= Kate Denborough =

Australian dancer and choreographer

Kate Denborough is a choreographer, artistic director, CEO and co-founder of Kage Physical Theatre. She has directed, devised and/or performed in most of KAGE's works as well as working with other companies such as Chunky Move, Australian Dance Theatre and Tasdance, through which she has been nominated for and won various awards such as Canberra Critics Circle Award for Dance. She is also a member of the Malthouse Artistic Counsel.

==Personal life==
Denborough was born in 1974 and received schooling at the Victorian College of the Arts in Melbourne in 1994 with a Bachelor of Dance. While at university in 1992 she met Gerard Van Dyck.

==KAGE==
In 1996, Kate and Gerard Van Dyck co-founded KAGE, naming it after her and Gerard (Kate, Gerard). To date, KAGE has created 20 works.
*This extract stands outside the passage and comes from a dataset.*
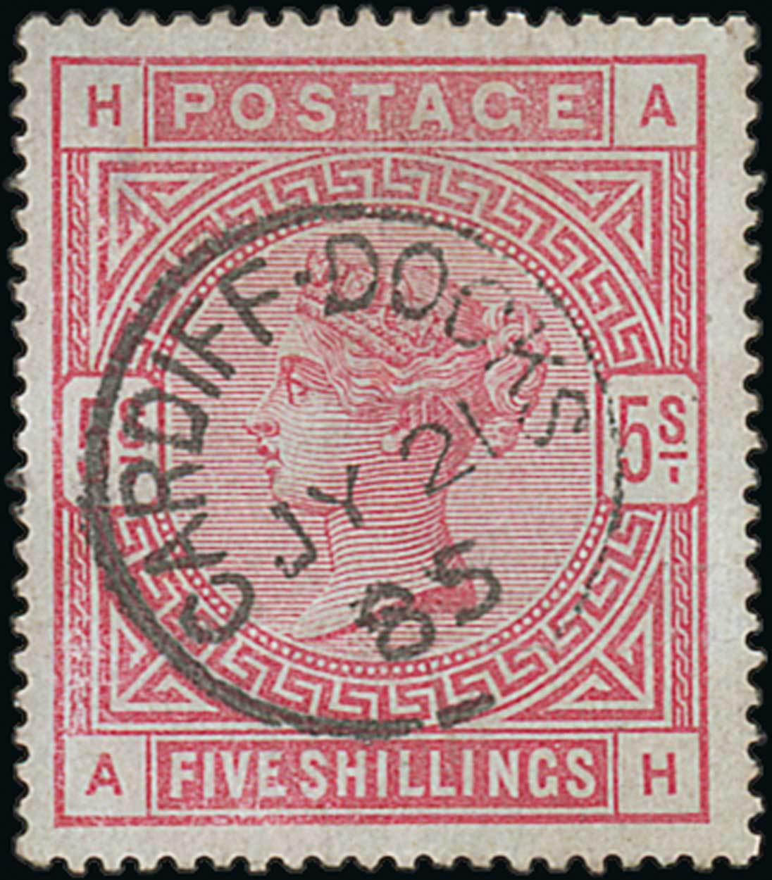 5/- rose, AH, Cardiff Docks c.d.s. of 21 July 1885, tiny thin spot, otherwise fine and attractive. S.G. 176, £4,000. Photo

As of its 17th, Denborough had taken part in all of them through devising, directing and/or performing. Today she is the CEO and artistic director of KAGE.

==Awards==
Denborough's awards and nominations include:

- Canberra Critics Circle Award for Dance
- Green Room Award for Female Emerging Artist in Dance
- Joint winner of the Eva Czajor memorial Award, an award for female directors
- The Paris residency at the Cite Internationale des Arts in 2001
- Listed in the 2013 Westpac Group 100 Women of Influence Awards
- Nomination for Australian Dance Award for Outstanding Performance by a Female Dancer

==Shows==
- Kage (1997), shown at now-defunct Budinski's Theatre, Melbourne
- Contamination (1998), shown at the Next Wave Festival
- Asphyxiate (1998)
- No (Under)Standing Anytime (2000), shown at the Next Wave Festival
- This Side Up (2000)
- 2 Without Spine (2000)
- Collapsible Man (2001)
- Misfit (2001)
- Birthday (2002)
- Underground (2002)
- Nowhere Man (2003), shown at Melbourne International Arts Festival
- The day the world turned upside down (2004)
- Al Fresco (2006) shown at Melbourne Cultural Festival for the Commonwealth Games
- Headlock (2006), shown at the Malthouse
- Ink (2006)
- Possessed (2007), Denborough directed
- Appetite (2008), shown at the 2008 Melbourne International Festival of the Arts
- Pink Lines (2008), Denborough choreographed for Tasdance
- Look Right Through Me (2011)
- Sundowner (2011), Denborough directed in partnership with Alzheimer's Australia Vic,
- Wildlife (2013)
- Flesh & Bone (2013)
- Team of Life (2014)
- Forklift (2014)

Denborough has worked collaboratively outside of KAGE with Australian Dance Theatre, Tasdance, Weave, compaignie par.b.leax (Montreal), and Victorian College of the Arts.